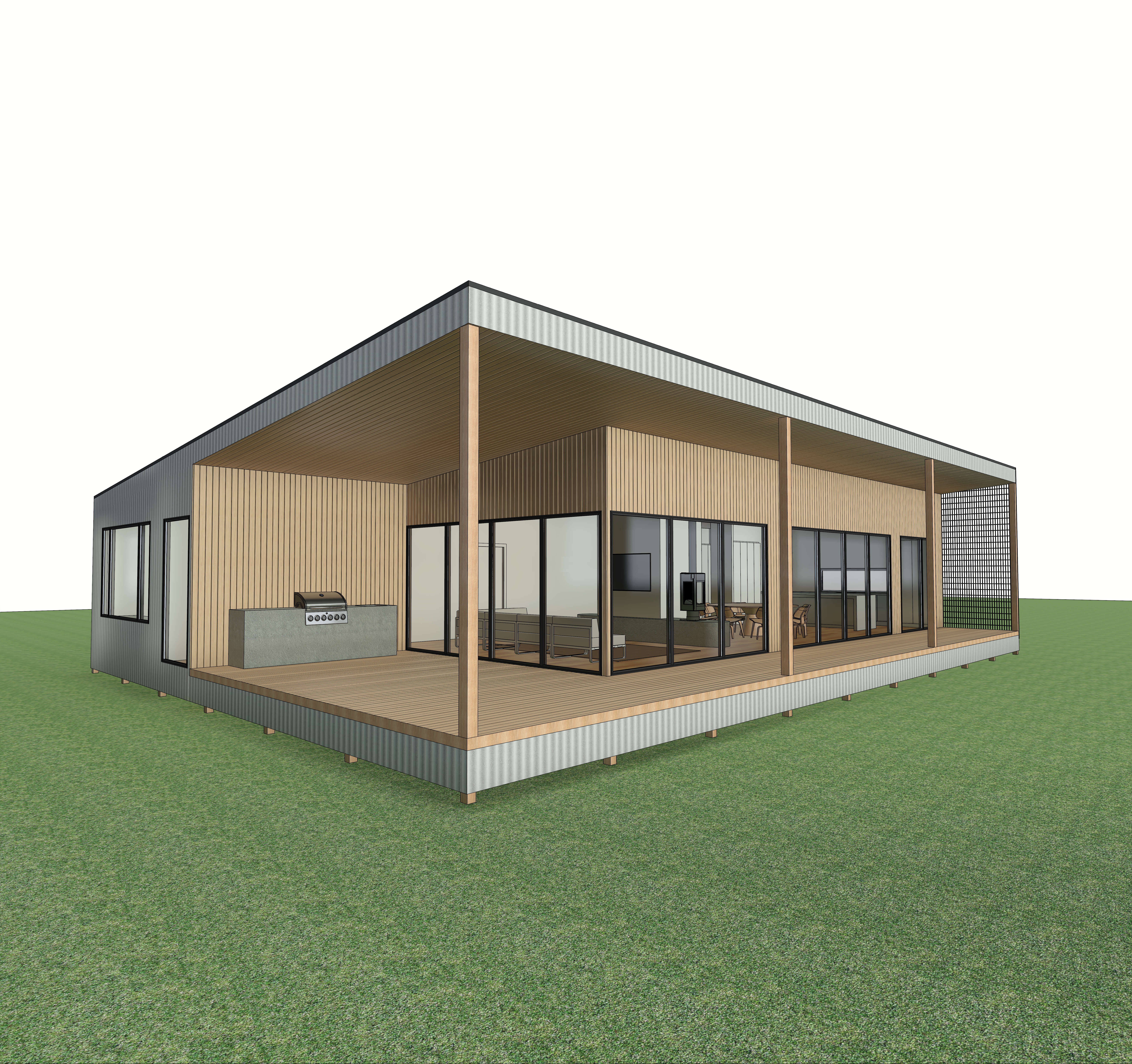 modern cabin with 5 roof line raising towards the right zincalume corrugated metal cladding warm grain contrast timber and large black window frames located in remote bushland with medium size trees and shrubs surrounding background and left and right of frame located in australia morning sunlight
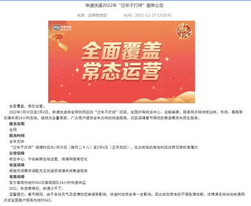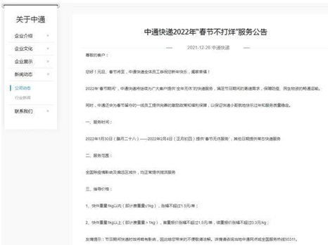 12月26日,中通快遞發佈公告,宣佈將在2022年春節期間為廣大客户提供“全年無休”的快遞服務,滿足消費者節日期間的寄遞需求。中通方面表示,將在2022年1月30日(臘月二十八)至2022年2月4日(正月初四)提供“春節無休服務”,服務範圍除受疫情影響及偏遠區域外,均正常提供攬派服務。同時,在“春節無休服務”期間每單的服務計費將有所調整,重量在1千克以內的快件漲幅不超過1.5元/單,而重量超過1千克的快件首重報價漲幅不超過1.5元/單,續重報價漲幅不超過0.3元。中通還強調,儘管推行了“春節無休服務”服務,但節假日期間快遞時效仍將受到一定的影響。
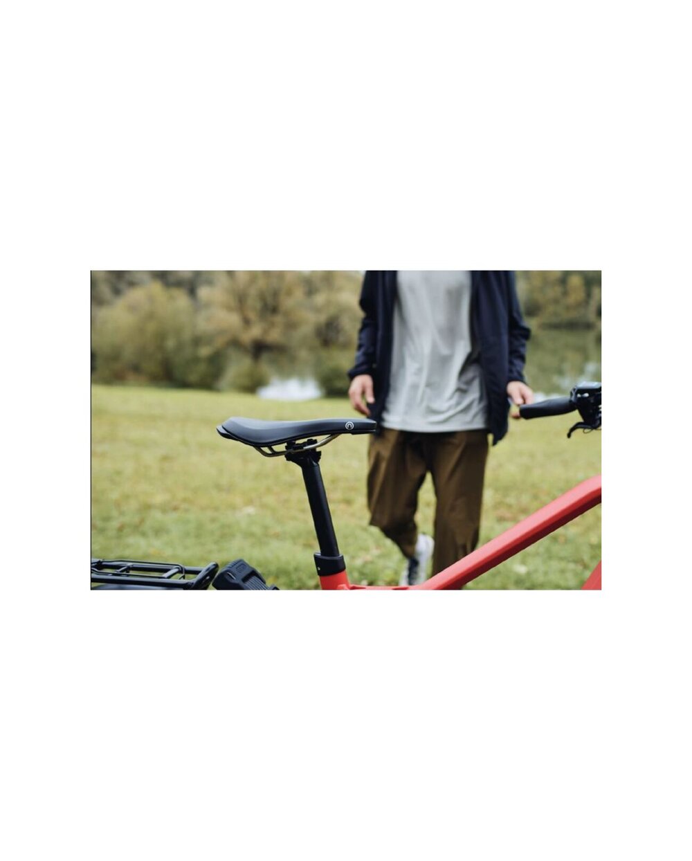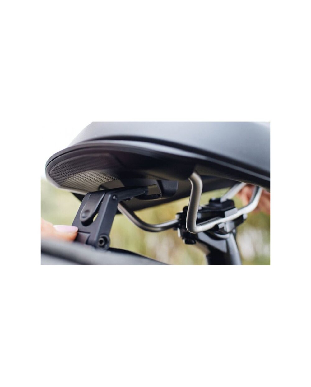 Vgrajen sistem sponk: integrirana sponka na zadnji strani sedeža omogoča pritrditev sedežne torbe ali drugih dodatkov.
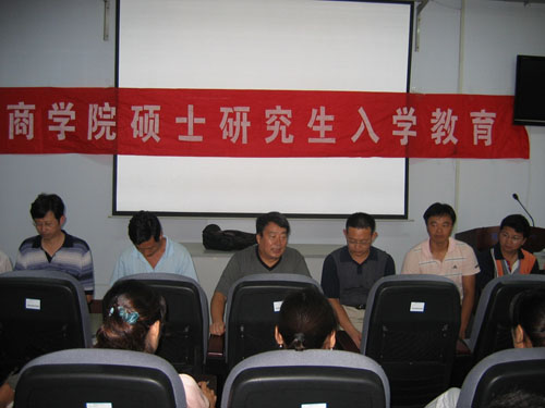 8月27日上午,商学院08级硕士研究生入学教育在商务与管理实践中心举行。商学院主要领导、部分硕士生导师和08级新入学的硕士研究生参加,分管研究生工作的杨成文副院长主持了本次会议。
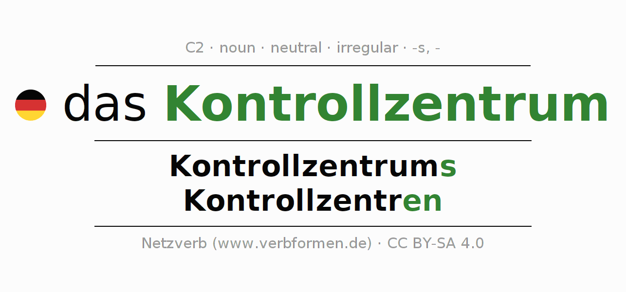 - Singular: das Kontrollzentrum, des Kontrollzentrums, dem Kontrollzentrum, das Kontrollzentrum
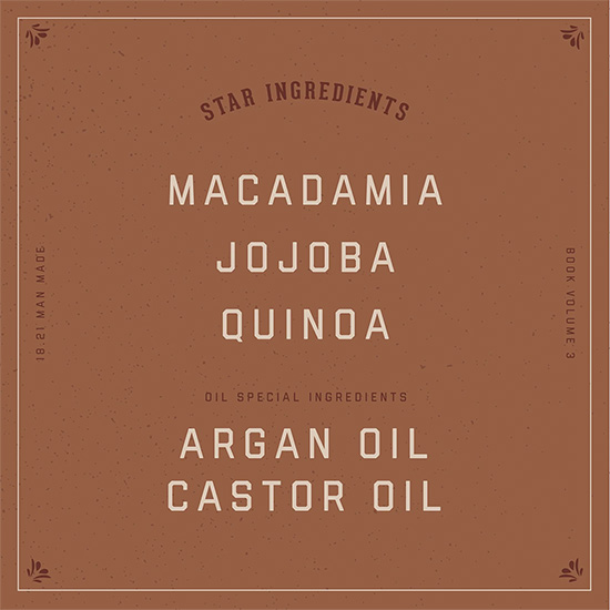 18.21 Manmade este un brand celebru din USA, simbol al masculinitatii Prin produsele de ingrijire persoanala de top incurajeaza barbatii sa se simta increzatori si sa realizeze tot ceea ce isi propun. Ambalajele sunt inspirate din epoca prohibitiei cand se ascundea bautura sau alte obiectele de valoare in biblioteci. Gama este diversificata, de la sampoane multi use, la uleiuri, parfumuri si seturi potrivite sa fie un cadou de tinut minte pentru oricare barbat.
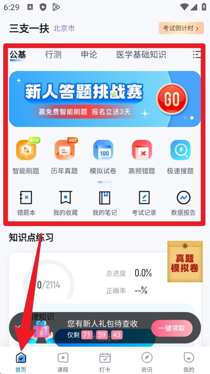 1. 打开 App 默认首页,可进入“智能刷题”“历年真题”等模块,点击对应图标即可开始练习。
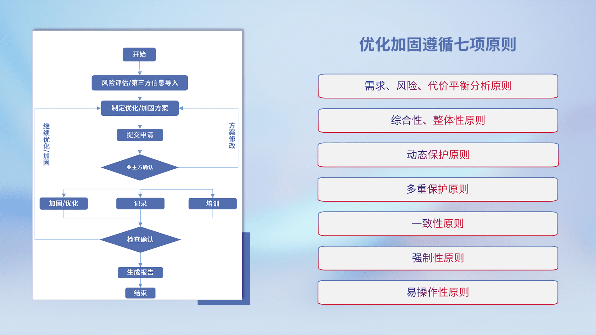 最大程度利用现有资产,,,对评估发现的问题进行封堵与整改,,防止漏洞被利用,,,提升整体网络安全性,,,,为客户带来高标准的优化加固服务。。
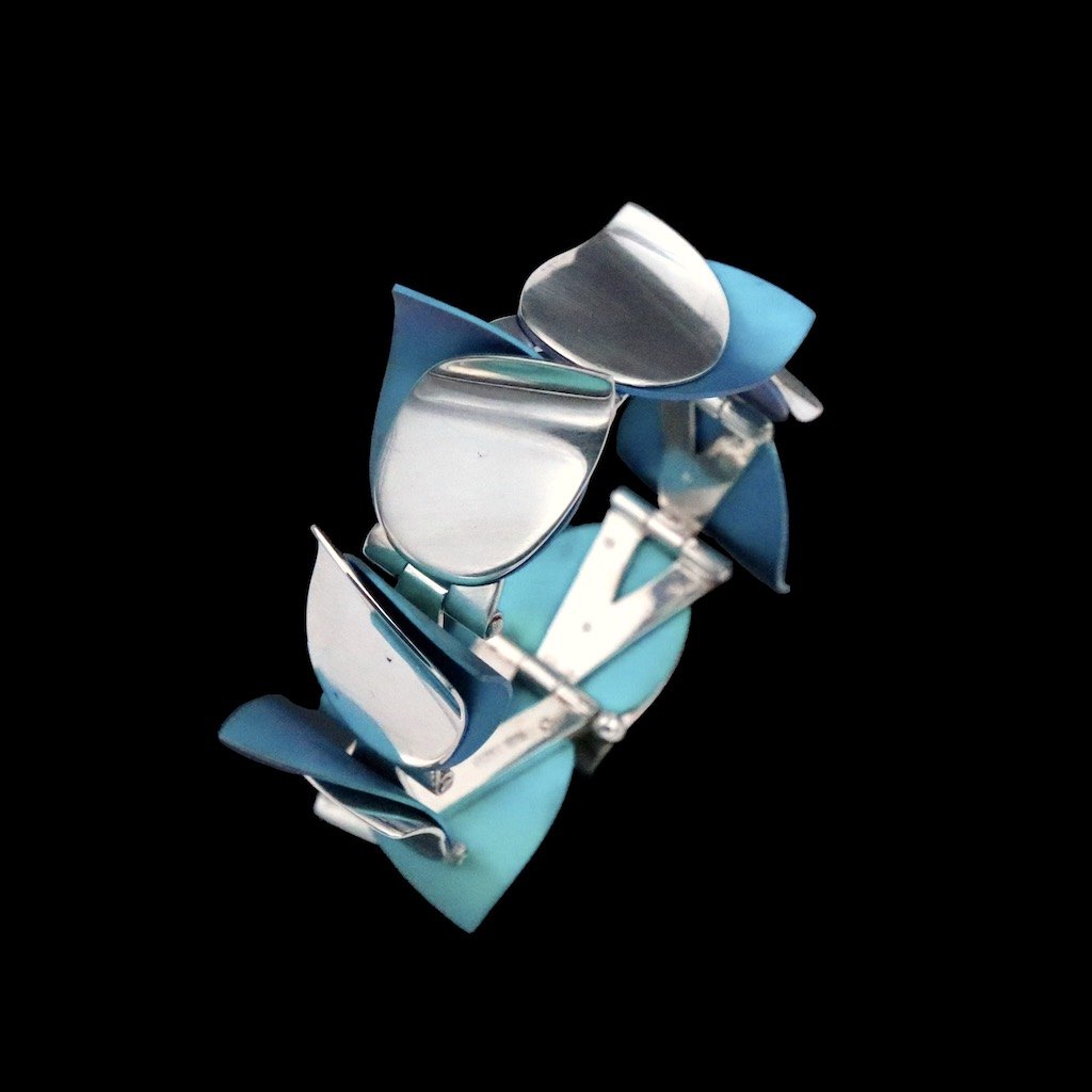 Kirsten Pontoppidan. Armbånd i sterlingsølv med farveoxideret titanium.
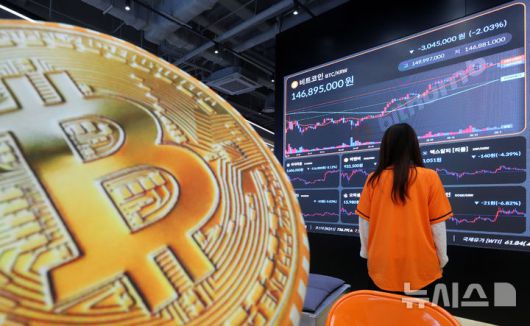 [서울=뉴시스] 김혜진 기자 = (기사와 무관한 사진) 지난달 29일 서울 강남구 빗썸 라운지 전광판에 비트코인 시세가 표시되고 있다. 2025.05.29. jini@newsis.com |
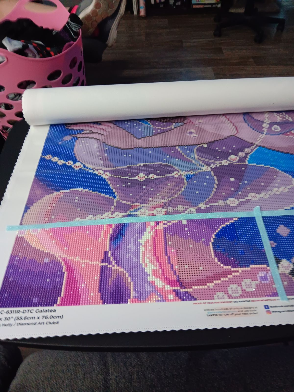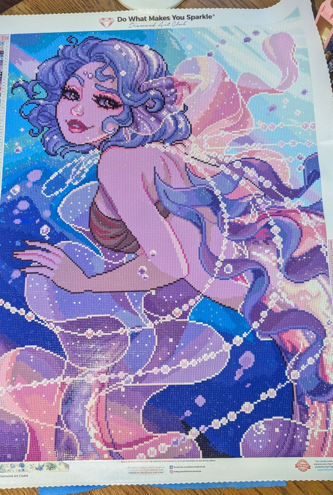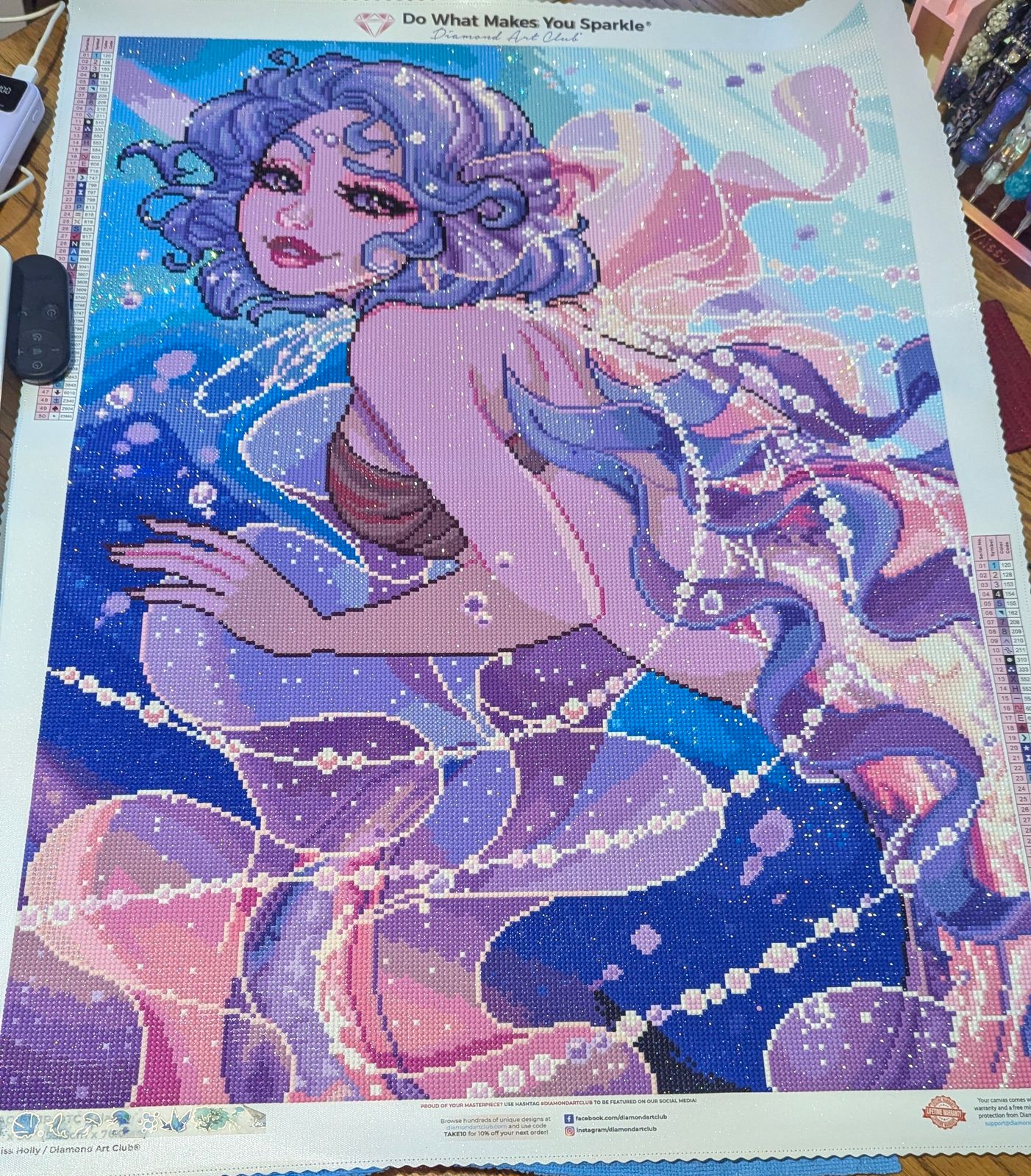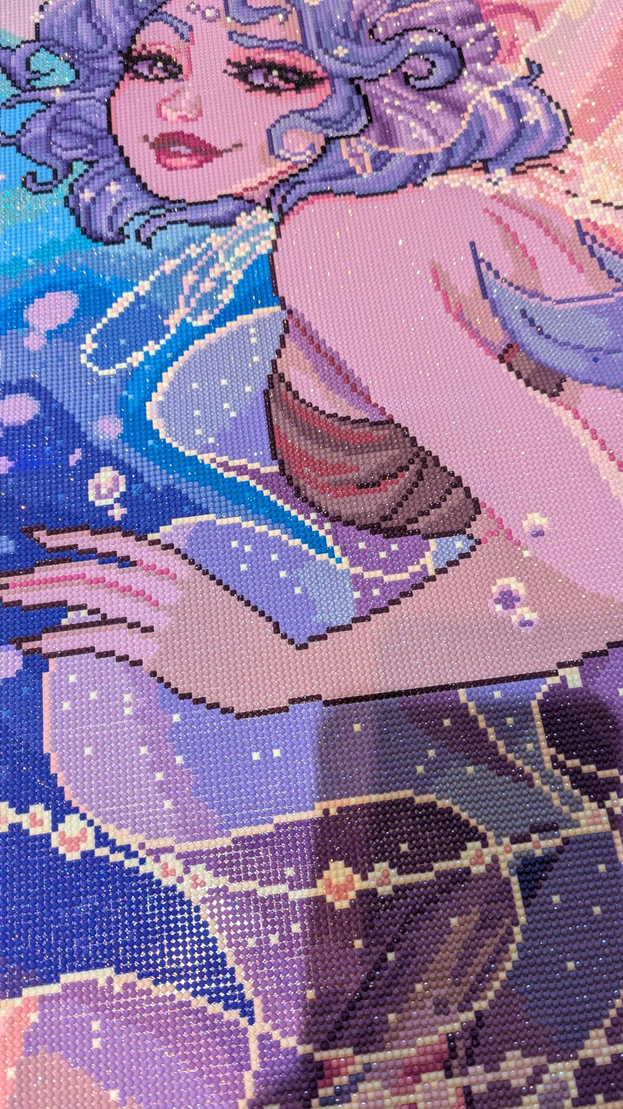Finished "Galatea" Artist - Miss Holly from Diamond Art Club. Started 9/1/25 Finished 9/14/25. 22 inch by 30 inch (55.6cm x 76.0cm). Older kit, No treasure card. Took me 33 hours and 14 days to complete. Round drills, 50 colors, 2 ABs, 3 Fairy Dust 55,752 drills. I had a blast doing this canvas. And I love the color purple 💜😁💜.
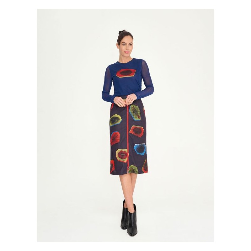 Falda tubo midi, con cierre cremallera y abertura trasera
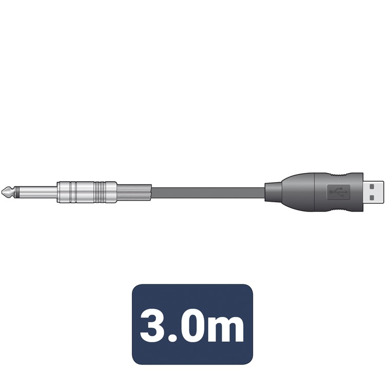 Analogue to digital conversion lead with 6.3mm jack connector at one end and USB type A connector at the other, for connecting a line input, instrument or dynamic microphone directly to a PC or Mac computer. An easy and efficient solution for digital recording of vocal lines, instruments and podcasts.
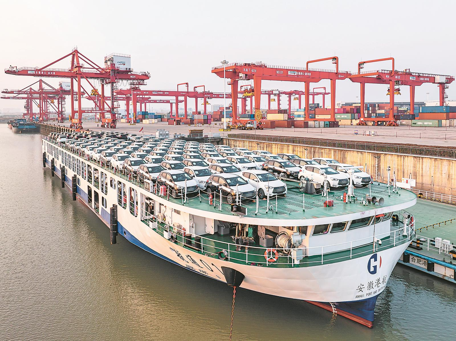 2月27日航拍的“航通01”汽车滚装船停泊在派河港码头,船上满载着皖产汽车,准备驶向上海。作为江淮运河上的首座集装箱码头,合肥派河港是服务皖货皖运、皖车出海的重要节点。
########################################
- [Task to carry out]: Since the pictures are not wanted, copy only the text of the records above, exactly.

- [Your solution]:
 modern cabin with 5 roof line raising towards the right zincalume corrugated metal cladding warm grain contrast timber and large black window frames located in remote bushland with medium size trees and shrubs surrounding background and left and right of frame located in australia morning sunlight
 12月26日,中通快遞發佈公告,宣佈將在2022年春節期間為廣大客户提供“全年無休”的快遞服務,滿足消費者節日期間的寄遞需求。中通方面表示,將在2022年1月30日(臘月二十八)至2022年2月4日(正月初四)提供“春節無休服務”,服務範圍除受疫情影響及偏遠區域外,均正常提供攬派服務。同時,在“春節無休服務”期間每單的服務計費將有所調整,重量在1千克以內的快件漲幅不超過1.5元/單,而重量超過1千克的快件首重報價漲幅不超過1.5元/單,續重報價漲幅不超過0.3元。中通還強調,儘管推行了“春節無休服務”服務,但節假日期間快遞時效仍將受到一定的影響。
 Vgrajen sistem sponk: integrirana sponka na zadnji strani sedeža omogoča pritrditev sedežne torbe ali drugih dodatkov.
 8月27日上午,商学院08级硕士研究生入学教育在商务与管理实践中心举行。商学院主要领导、部分硕士生导师和08级新入学的硕士研究生参加,分管研究生工作的杨成文副院长主持了本次会议。
 - Singular: das Kontrollzentrum, des Kontrollzentrums, dem Kontrollzentrum, das Kontrollzentrum
 18.21 Manmade este un brand celebru din USA, simbol al masculinitatii Prin produsele de ingrijire persoanala de top incurajeaza barbatii sa se simta increzatori si sa realizeze tot ceea ce isi propun. Ambalajele sunt inspirate din epoca prohibitiei cand se ascundea bautura sau alte obiectele de valoare in biblioteci. Gama este diversificata, de la sampoane multi use, la uleiuri, parfumuri si seturi potrivite sa fie un cadou de tinut minte pentru oricare barbat.
 1. 打开 App 默认首页,可进入“智能刷题”“历年真题”等模块,点击对应图标即可开始练习。
 最大程度利用现有资产,,,对评估发现的问题进行封堵与整改,,防止漏洞被利用,,,提升整体网络安全性,,,,为客户带来高标准的优化加固服务。。
 Kirsten Pontoppidan. Armbånd i sterlingsølv med farveoxideret titanium.
 [서울=뉴시스] 김혜진 기자 = (기사와 무관한 사진) 지난달 29일 서울 강남구 빗썸 라운지 전광판에 비트코인 시세가 표시되고 있다. 2025.05.29. jini@newsis.com |
Finished "Galatea" Artist - Miss Holly from Diamond Art Club. Started 9/1/25 Finished 9/14/25. 22 inch by 30 inch (55.6cm x 76.0cm). Older kit, No treasure card. Took me 33 hours and 14 days to complete. Round drills, 50 colors, 2 ABs, 3 Fairy Dust 55,752 drills. I had a blast doing this canvas. And I love the color purple 💜😁💜.
 Falda tubo midi, con cierre cremallera y abertura trasera
 Analogue to digital conversion lead with 6.3mm jack connector at one end and USB type A connector at the other, for connecting a line input, instrument or dynamic microphone directly to a PC or Mac computer. An easy and efficient solution for digital recording of vocal lines, instruments and podcasts.
 2月27日航拍的“航通01”汽车滚装船停泊在派河港码头,船上满载着皖产汽车,准备驶向上海。作为江淮运河上的首座集装箱码头,合肥派河港是服务皖货皖运、皖车出海的重要节点。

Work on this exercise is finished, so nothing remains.